We will also feature works by the acclaimed artist Xu Jianguo, who combines ‘traditional’ aesthetics and formats, reminiscent of court paintings from the Southern Song Dynasty, with contemporary buildings and landscapes, complicating the relationship between past and present, tradition and evolution. His demure painterly landscapes confront the viewer with a simple question of how the progressive urbanization of landscape is influencing our conception of real and perceived landscapes; do we embrace this new nature afforded by the cityscapes, or will we strive for the sublime landscapes depicted in “Travelers among Mountains and Streams” by Fan Kuan (c.960-1030)? Taking note from the exhibition “New Ink Art: Innovation and Beyond”, curated by Director Alice King, our exhibition will also present artworks that question the boundaries of ink painting, as defined exclusively by medium or philosophy.
Mok Yat-san, a lecturer at the Chinese University of Hong Kong and recognized local and international sculptor, piece “Listening to the Breeze”, follows the formats of a traditional Chinese hanging scroll, but turns this format into a three-dimensional work. In doing so the viewer is taken beyond the mere representational threshold of a painting’s frame, and resembling a shanshui work is able to move freely about the work.

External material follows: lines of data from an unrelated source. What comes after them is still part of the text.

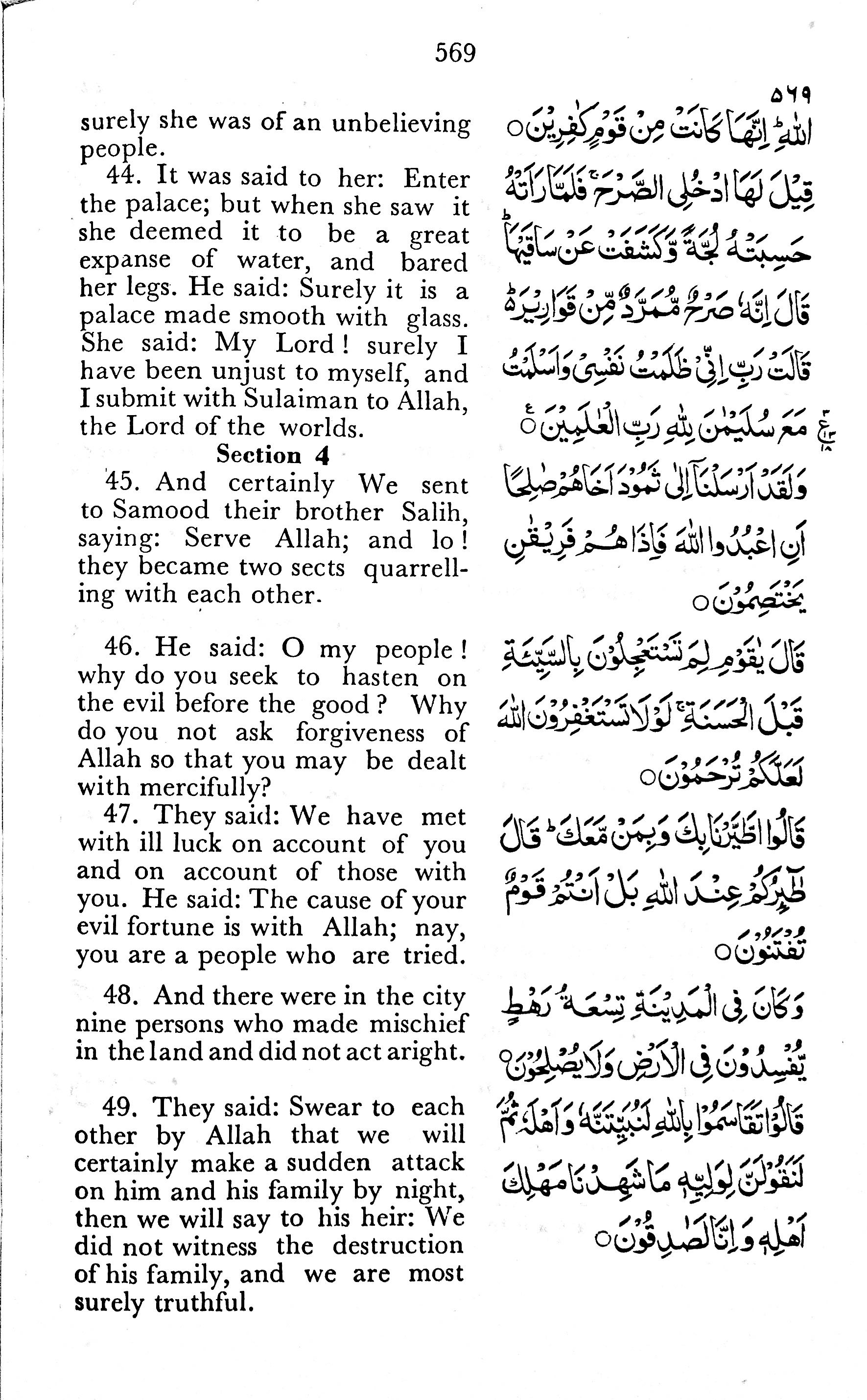 44. It was said to her: Enter the palace; but when she saw it she deemed it to be a great expanse of water, and bared her legs. He said: Surely it is a palace made smooth with glass. She said: My Lord! surely I have been unjust to myself, and I submit with Sulaiman to Allah, the Lord of the worlds.
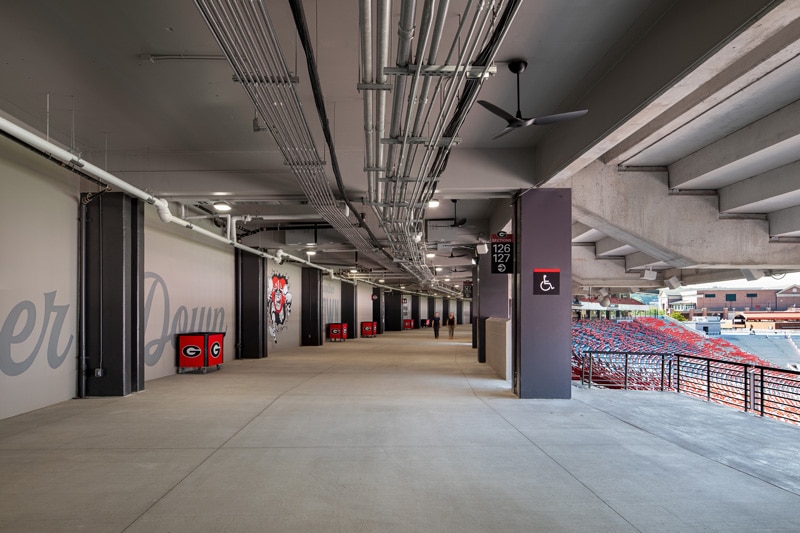 Thanks to the coordinated efforts of Turner Construction Company, HOK, Walter P. Moore, Argos Ready Mix, and Precision Concrete Construction, Sanford Stadium is now better equipped to welcome more than 90,000 fans on fall Saturdays. Wider concourses, enhanced restrooms, improved accessibility, expanded suites, and new donor spaces all contribute to a more enjoyable and modern game-day experience.
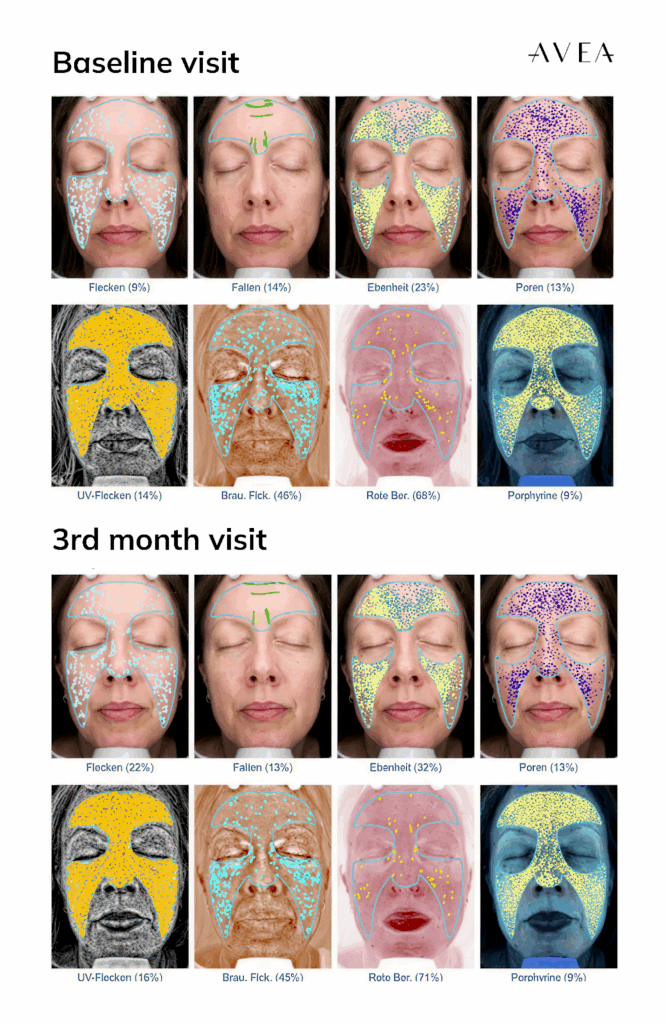 - Red areas (Inflammation): Reduced inflammation by 11.8% initially, with continued improvement to 4.4% by three months.
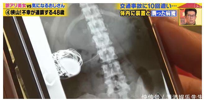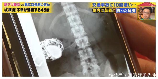 脊柱中埋了8个机器,然后用线一直贯串到腹部,刺激装配就埋在了这边。
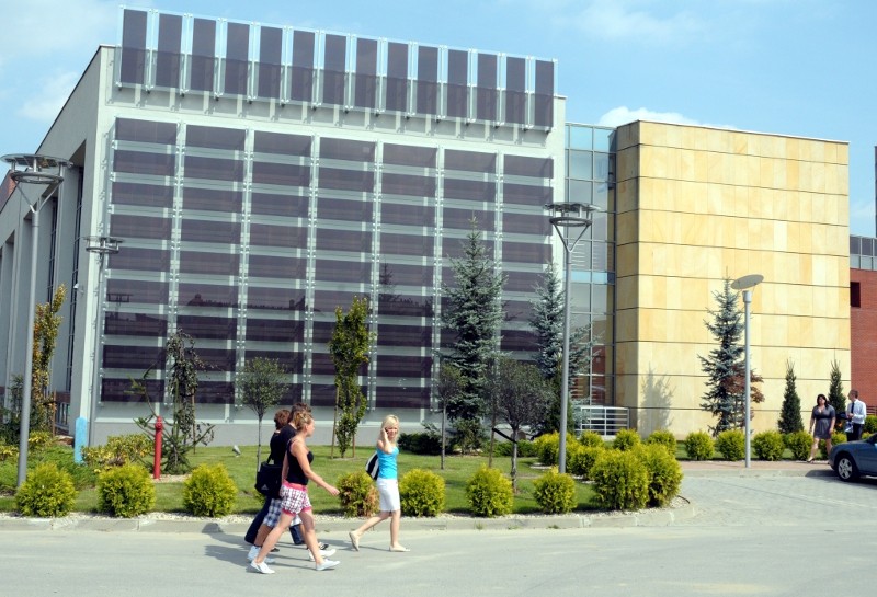 Na zdjęciu: Ogniwa fotowoltaiczne na budynku WSPiA.
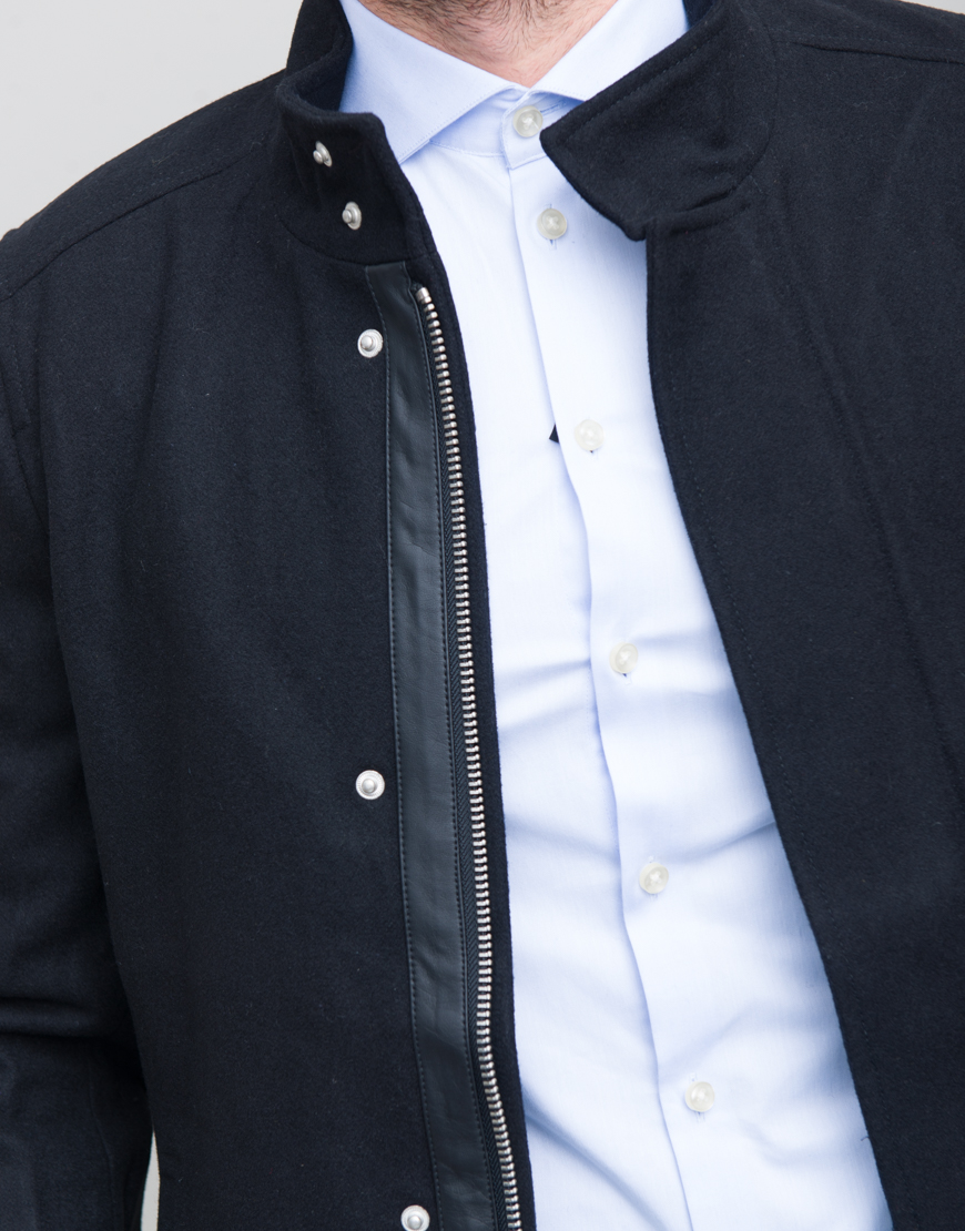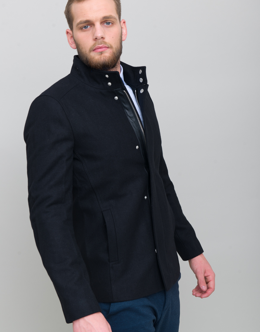 Geaca simpla cu detaliu. Inchidere cu capse si fermuar ascuns. Buzunare laterale.
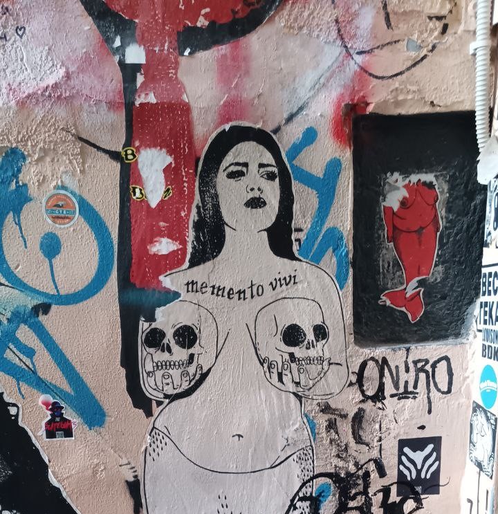 Como coda final, me gustaría traer una frase que descubrí en Napolés, en uno de sus muros: «Memento vivi» -contracción quizá de memento vivere-. Recuerda que has de vivir. Vale como apunte para afrontar el año que viene. Y ello me recuerda a paseos por el puerto de Nápoles con Caro, a conversaciones infinitas con Rubén por Madrid, a retomar el contacto con mi viejo amigo Rubén Hervás, conocer a Kari -su mujer- y a su pequeña Olivia, a momentos con la familia y a estos últimos días en Granada, junto a Pepe y Marga. Pero también a la conmemoración amistosa del pasado 15 de mayo y a tantas manifestaciones por lo común.
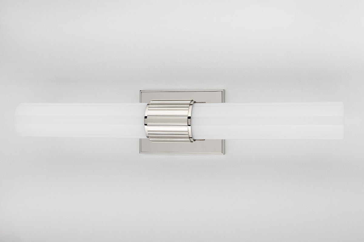 The Fulton Wall Sconce by Hudson Valley Lighting is a sophisticated fixture that combines modern design with functional elegance. Standing at 20.50 inches in height and featuring a width of 4.75 inches, this sconce has a sleek 4.00-inch extension. The opal matte glass shade enhances the ambiance while accommodating two E26 medium base bulbs with a maximum wattage of 75W each (bulbs not included). With a recommended bulb type of T10-5.5, this sconce is suitable for various settings. Available in finish options of Old Bronze, Polished Nickel, and Satin Nickel, the Fulton is UL Damp rated, making it a perfect choice for humid environments such as bathrooms.
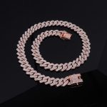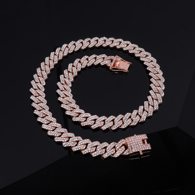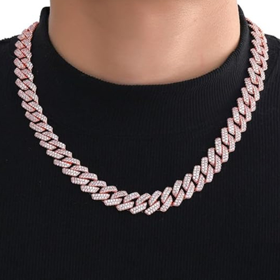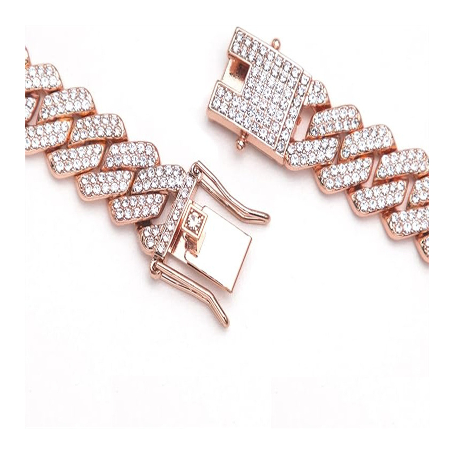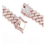 Make a bold statement with the Diamond Bucke Cuban Chain in Rose Gold – 8.5mm, a luxurious blend of hip-hop edge and refined elegance. This iced-out Cuban link chain is meticulously crafted with high-quality diamond simulants, delivering exceptional brilliance and shine. Designed with a secure diamond-studded buckle clasp, it offers both style and durability. The 8.5mm width provides a perfect balance between subtlety and presence, making it a versatile accessory for any occasion. Elevate your jewelry collection with this standout piece.

Relatively new to the art scene is photographer Stephen King, whose works are created in the spirit of the ink tradition, but like Mok Yat-san, complicate the rigid definition of ink as product of medium. Each artist –whether consciously or unconsciously– represents a trend in the hope to ‘modernize’ or ‘revitalize’ the Chinese tradition of landscape painting, recalling tropes from the Song dynasty in form and content, or seeking new inspiration from artistic traditions in and around the East/West dichotomy. We hope this curated selection of works will attest to the pluralism existent in modern and contemporary ink painting.